# In-wall enclosure help!



## jayhawk (Apr 24, 2011)

:help:I have always been an A/V enthusiast, however I'm new to the DIY world of it. I am currently finishing the basement of our new home and I am including a home theater room but I have some obstacles I need to build around.

I am doing a 7.2 system and the 2 side surround speakers I have are in-wall units, Klipsch R-5800-W. I have done some studying and understand these speakers are good to go by utilizing the stud cavity (H93"xW14.5"xD3.5",) however, one side has cement behind it due to being the basement foundation wall, and the other side is not quite the same dimensions because it is part of the stair well and the cavity is only about half the height plus it has drywall on the opposite side. See the pictures below.

I figured going with an enclosure for both would be my best bet in order to keep a consistent sound with the varying materials and dimensions I have to work with. Hopefully I am correct on that.

Here are a few questions...
1. Whats the best material to use to make the enclosure?
2. Should I even use a front baffle on the enclosure or allow the sheetrock to be the front baffle?
3. Put filler in or liner?
4. What material to use for filler/liner?
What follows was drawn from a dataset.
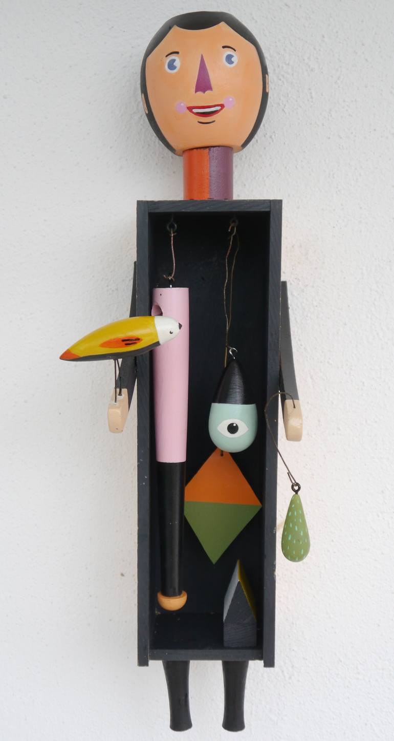Acrylic paint and spray paint on vintage wooden pieces and handmade polymer clay figures. 47 H x W 11 x D 16 cm Metal hanger on the back side. Parts of the sculpture are flexible and would be demounted for a safer shipping.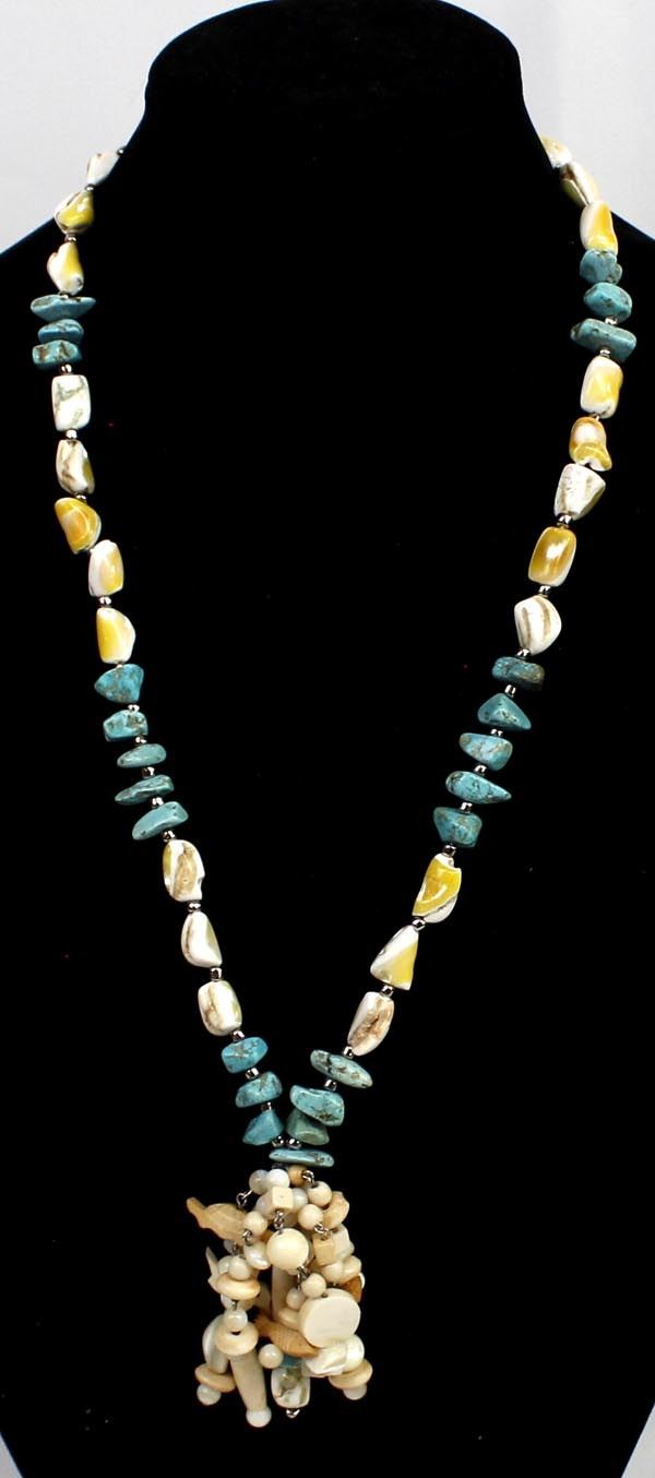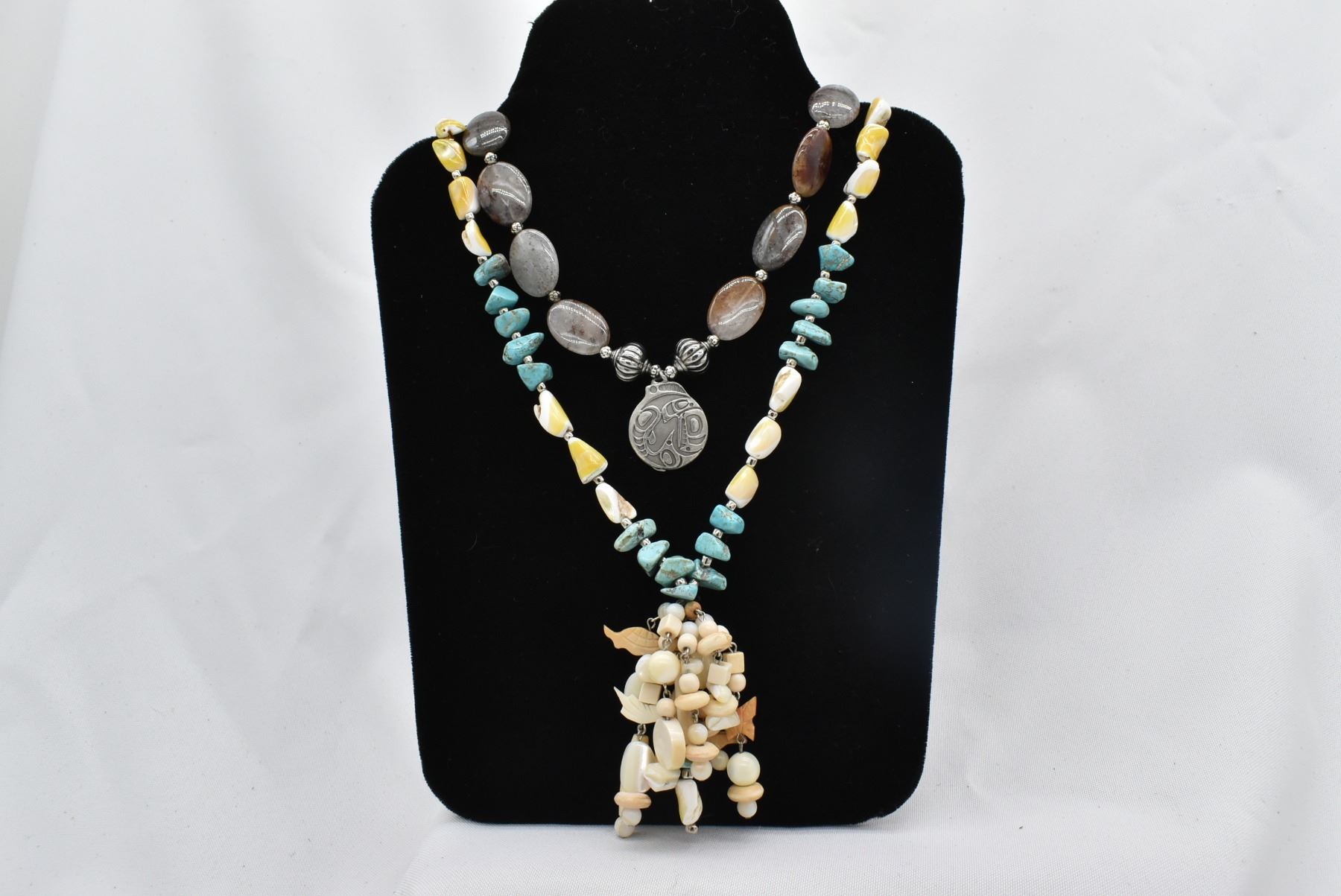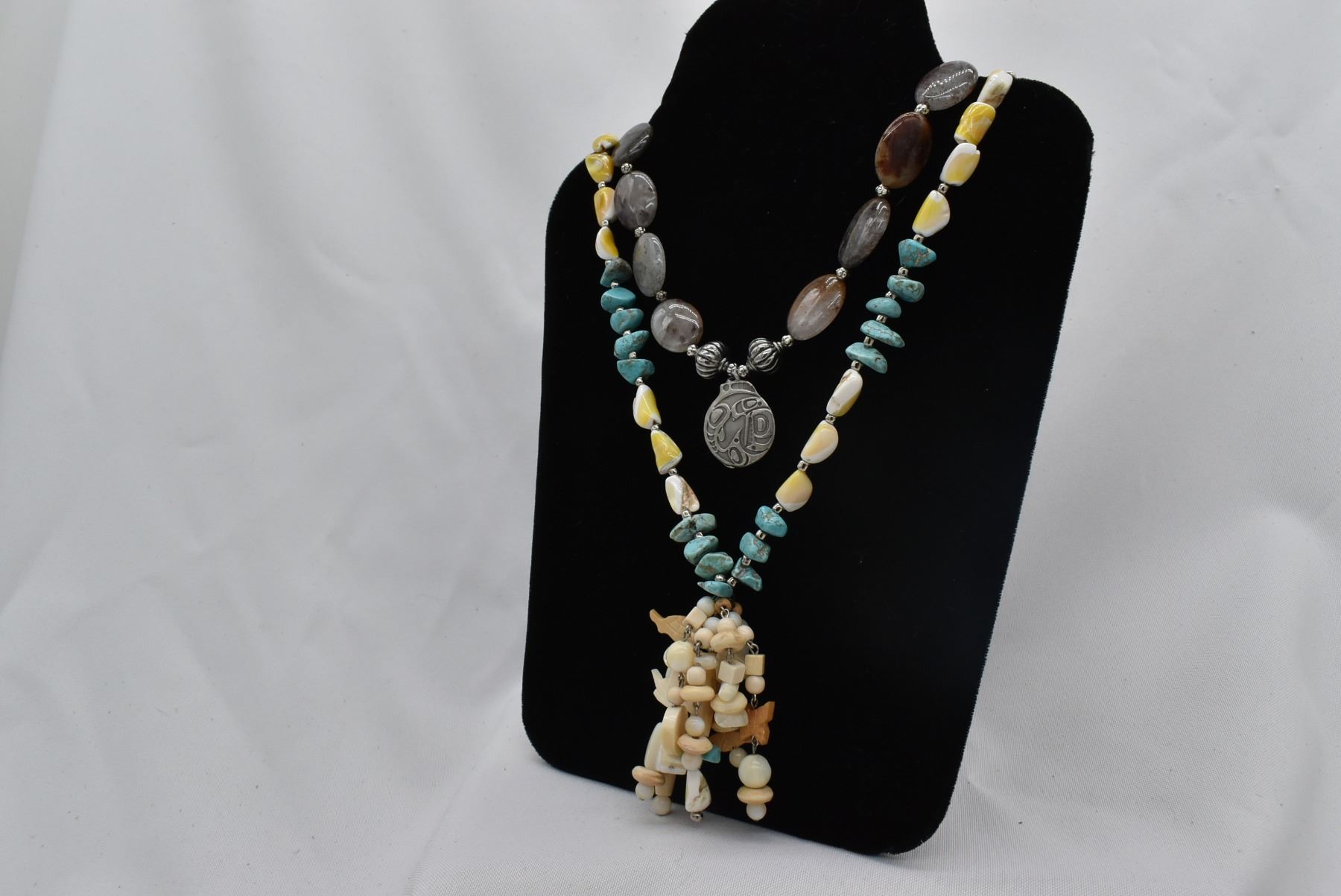 2 Native American Hand Crafted Necklaces by Kathy Kills Thunder. The Moss Agate Pendant Necklace Measures 20 " end to end while the Turquoise and Gold Lip Shell Bead Necklace measures 32" end to end

Any other suggestions aside from my questions would be welcomed as well as I am completely new to all of this. Thanks in advance!


----------



## robbo266317 (Sep 22, 2008)

Good questions Jayhawk,

1. Whats the best material to use to make the enclosure?
Mdf is the easiest solution.

2. Should I even use a front baffle on the enclosure or allow the sheetrock to be the front baffle?
I would use a layer of mdf as sheetrock is usually not sturdy enough.

3. Put filler in or liner?
I would put filler in to damp the sounds from the rear of the driver, though I have not personally done any in-wall speakers.

4. What material to use for filler/liner?
The most cost effective would be insulation batts.

I am sure others here will have suggestions that can help better.


----------



## jayhawk (Apr 24, 2011)

Awesome, so I take it doing the enclosure is the best way to go for the consistent sound I am looking for then?

Also I was taking a look at some calculators for getting dimensions and such for the enclosure. I have no idea what volume in cubic inches I need and etc. Based off me using the Klipsch R-5800-W, any ideas on how many cubic inches of volume I need within the enclosure? I can't seem to figure out how to figure that out :dontknow:


----------



## fbov (Aug 28, 2008)

These Klipsch speakers are designed for in-wall mounting to studs. Amazon describes an install kit that I expect allows you to mount them directly in the stud cavity not unlike an electrical outlet. 

Nonetheless, an enclosure is a good idea. MDF is common in speakers, but it must be kept dry. Your concrete wall is a concern in this regard. Consider either including a vapor barrier around the box, or using a less water-sensitive panel, like marine plywood. 

Being an in-wall design, a front baffle is likely unnecessary, and could complicate installation significantly. You've got the speakers; see if you like the way Klipsch intended them to be installed, and if you like it, install them as designed. If not, take a pic and post it!

Otherwise I agree with what Rob said. 

As to volume, you'd need the woofer's Thiel/Small parameter to do any simulations. I suspect it just needs the area of the baffle x the depth of a 4" stud (These speakers are just under 3.5" deep as I recall.). Sealed boxes aren't very sensitive to changes in volume, compared with tuned designs, and bass isn't the top requirement from a surround application. 

However, I'd pay attention to the "mud ring" referenced in the Klipsch install kit. I suspect this is a gasket around the baffle to prevent air leaks at teh wall interface. Plumbers' putty works fine in my experience. 

Have fun,
Frank


----------